Introduction

What is Lightsaber

Lightsaber is an extensible training framework which provides blueprints for the development of disease progression models (DPM). It is designed ground up using state-of-the art open source tools to provide a simple, modular, and unified model training framework to support some of the common use cases for DPM. Lightsaber contains four key modules that aim to promote reuse and standardization of DPM model training workflow as below:

Data ingestion modules to support standardized methods of ingesting and transforming raw data (containing extracted features and target values).
Model Trainers to support standardized training of DPM models by adopting the best practices as default
Experiment Management to ensure repeatable experimentation and standardized reporting via:
- metrics to calculate DPM problem specific model evaluation, and
- in-built Model tracking and support for post-hoc model evaluation.
Experimental Framework exposing user friendly state-of-the art tools for hyper-parameter tunings and distributed computing

Currently, Lightsaber supports classification (one or multi-class) use cases for DPM, including support for imbalanced learning problems that are common in DPM. In addition, Lightsaber also comes pre-packaged with a set of state-of-the-art model implementations (such as RNN and MLP with sane defaults) and components (such as feed-forward block and residual blocks).

Lightsaber components are designed such that a user can be use these, either independently or all of these in the recommended manner (See Getting started guide), to train and define DPM models.
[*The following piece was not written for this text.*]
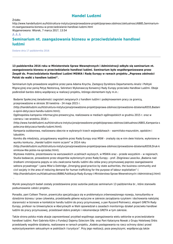 Handel Ludzmi Źródło: http://www.handelludzmi.eu/hl/struktura-instytucjona/prowadzone-projekt/poprawa-zdolnosci/aktualnosci/6885,Seminariumnt-zaangazowania-biznesu-w-przeciwdzialanie-handlowi-ludzmi.html Wygenerowano: Wtorek, 7 marca 2017, 13:54 AAA Seminarium nt. zaangażowania biznesu w przeciwdziałanie handlowi ludźmi Dodane dnia 17 października 2016 13 października 2016 roku w Ministerstwie Spraw Wewnętrznych i Administracji odbyło się seminarium nt. zaangażowania biznesu w przeciwdziałanie handlowi ludźmi. Seminarium było współorganizowane przez Zespół ds. Przeciwdziałania Handlowi Ludźmi MSWiA i Radę Europy w ramach projektu „Poprawa zdolności Polski do walki z handlem ludźmi”. Seminarium było prowadzone wspólnie przez pana Adama Knycha, Zastępcę Dyrektora Departamentu Analiz i Polityki Migracyjnej oraz panią Petyę Nestorovą, Sekretarz Wykonawczą Konwencji Rady Europy przeciwko Handlowi Ludźmi. Oboje podkreślali bardzo dobrą współpracę w realizacji projektu, którego elementami były m.in.: Badanie Społecznej świadomości zagrożeń związanych z handlem ludźmi i podejmowaniem pracy za granicą, przeprowadzone w okresie 30 kwietnia - 24 maja 2015 r. (http://handelludzmi.eu/hl/struktura-instytucjona/prowadzone-projekt/poprawa-zdolnosci/prowadzone-dzialania/6555,Badani e-opinii-dotyczace-handlu-ludzmi.html); Ogólnopolska kampania informacyjno-prewencyjna, realizowana w mediach ogólnopolskich w grudniu 2015 r. oraz w czerwcu i we wrześniu 2016 r. (http://www.handelludzmi.eu/hl/struktura-instytucjona/prowadzone-projekt/poprawa-zdolnosci/aktualnosci/6801,Kampania-s poleczna-dotyczaca-handlu-ludzmi.html); Kampania outdoorowa, realizowana obecnie w wybranych trzech województwach – warmińsko-mazurskim, opolskim i lubuskim; Komiks dla młodzieży, przygotowany wspólnie przez Radę Europy oraz MSW – znalazły się w nim dwie historie, wyłonione w wyniku konkursu „Handel ludźmi moimi oczami” w 2014 roku (http://handelludzmi.eu/hl/struktura-instytucjona/prowadzone-projekt/poprawa-zdolnosci/prowadzone-dzialania/6559,Druk-k omiksow-Nie-jestes-na-sprzedaz.html); Wystawa mobilna, prezentowana na warszawskich uczelniach wyższych, w MSWiA oraz – przede wszystkim – w regionach; Studia badawcze, prowadzone przez ekspertów wyłonionych przez Radę Europy – prof. Zbigniewa Lasocika „Badania nad środkami zmniejszania popytu w celu zwalczania handlu ludźmi dla celów pracy przymusowej poprzez zaangażowanie sektora prywatnego” i pana Mike’a Dottridge „Emerging good practice by state authorities, the business community and civil socjety in the area of reducing demand for human trafficking for the purpose of labour exploitation” ( http://handelludzmi.eu/hl/aktualnosci/6866,Publikacja-Rady-Europy-i-Ministerstwa-Spraw-Wewnetrznych-i-Administracji.html) . Wyniki powyższych badań zostały przedstawione przez autorów podczas seminarium 13 października br., które stanowiło podsumowanie całości projektu. Ponadto, pani Colleen Theron, prawniczka specjalizująca się w problematyce zrównoważonego rozwoju, konsultantka w dziedzinie biznesu i praw człowieka, przedstawiła główne wytyczne w zakresie zarządzania ryzykiem i dochowania należytej staranności w biznesie w kontekście handlu ludźmi do pracy przymusowej, a pan Ryszard Piotrowicz, ekspert GRETA Rady Europy, profesor na Uniwersytecie w Aberystwyth w Walii opowiedział o zasadach monitoringu działań przeciwko handlowi ludźmi do pracy przymusowej, przedstawił dobre praktyki i rekomendacje GRETA w tym zakresie. Także strona polska miała okazje zaprezentować przykład wspólnego zaangażowania wielu sektorów w przeciwdziałanie handlowi ludźmi. Pani Gabriela Kühn z Fundacji Dajemy Dzieciom Siłę oraz Pani Katarzyna Nowak z Grupy Hotelowej Orbis przedstawiły wspólnie działania, realizowane w ramach projektu „Kodeks postępowania na rzecz ochrony dzieci przed wykorzystywaniem seksualnym w podróżach i turystyce”. Przy jego realizacji, poza powyższymi, współpracują także Komenda Główna Policji oraz Ministerstwo Sportu i Turystyki, zatem jest on dobrym przykładem skutecznej współpracy wielosektorowej. Warto również podkreślić, poruszane przez gości kwestie, takie jak: trwająca właśnie procedura ratyfikacji Protokołu do Konwencji nr 29 Międzynarodowej Organizacji Pracy dotyczącej pracy przymusowej z 1930 r., przyjętego w Genewie w dniu 11 czerwca 2014 r., czy utworzenie Związku Zawodowego Pracowników Ukraińskich w Polsce, które również służą współpracy różnych aktorów w przeciwdziałaniu handlowi ludźmi. Mamy nadzieję, że było to pierwsze spotkanie, które stanie się katalizatorem kolejnych wspólnie podejmowanych inicjatyw i zwiekszeniem zaangażowania biznesu w projekty promujące prawa człowieka, w tym przeciwdziałanie handlowi ludźmi. logo Tagi: Projekt norweski, Rada Europy, praca przymusowa podziel się treścią: wersja pdf drukuj
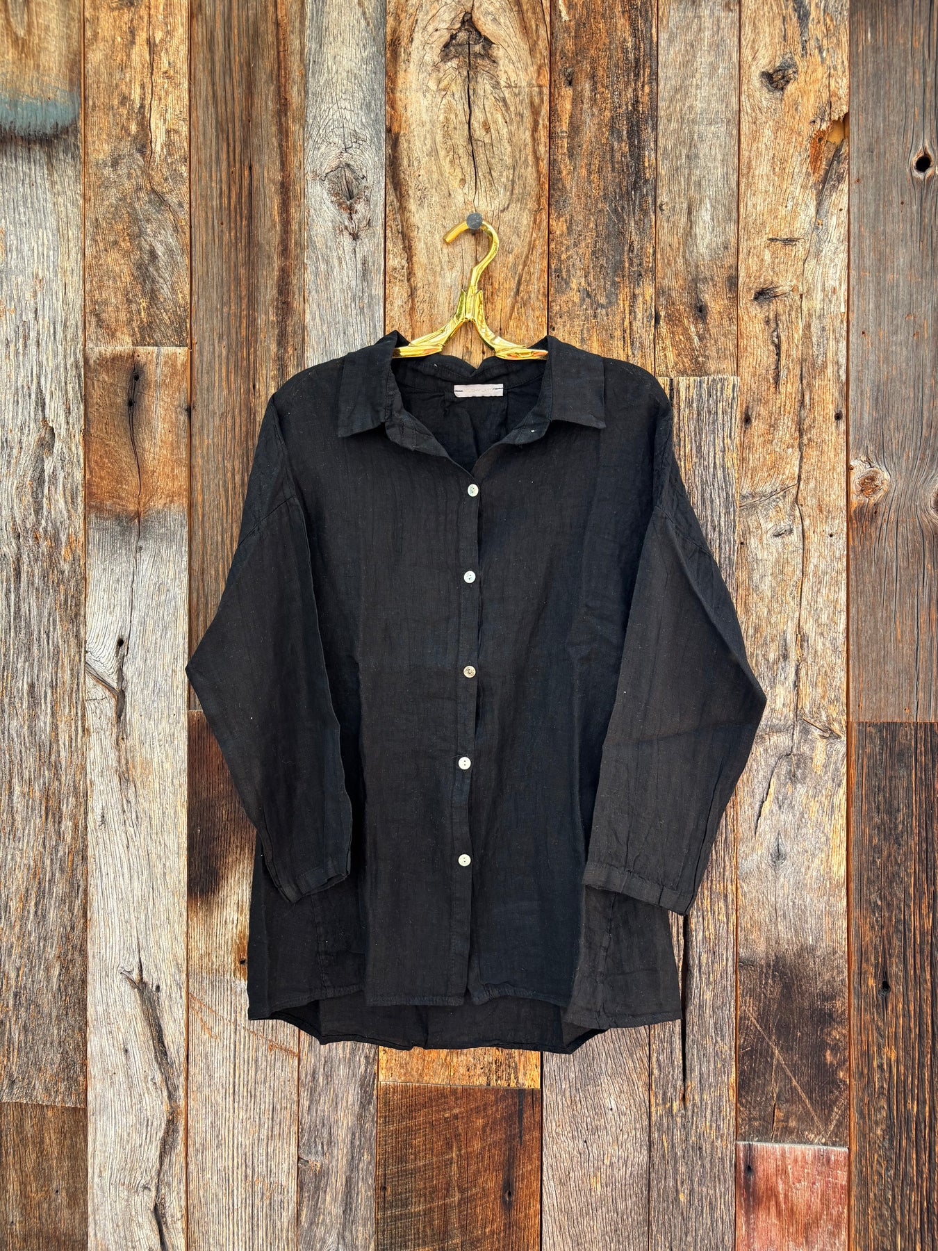 Milio Milano Linen Long Sleeve Button Shirt Black

Lightsaber follows a batteries included approach such that the modeler can focus only on developing the logic of their model and let Lightsaber handle the rest. More specifically, Lightsaber aims to augment, and not substitute, the modeler's current workflow and supports model definitions/workflows around:

scikit-learn [1] compliant models: for classical models
pytorch [2] compliant models: for general purpose models, including deep learning models.

To summarize, it is thus an opinionated take on how DPM model development should be conducted by providing with a unified core to abstract and standardize out the engineering, evaluation, model training, and model tracking to support: (a) reproducible research, (b) accelerate model development, and (c) standardize model deployment.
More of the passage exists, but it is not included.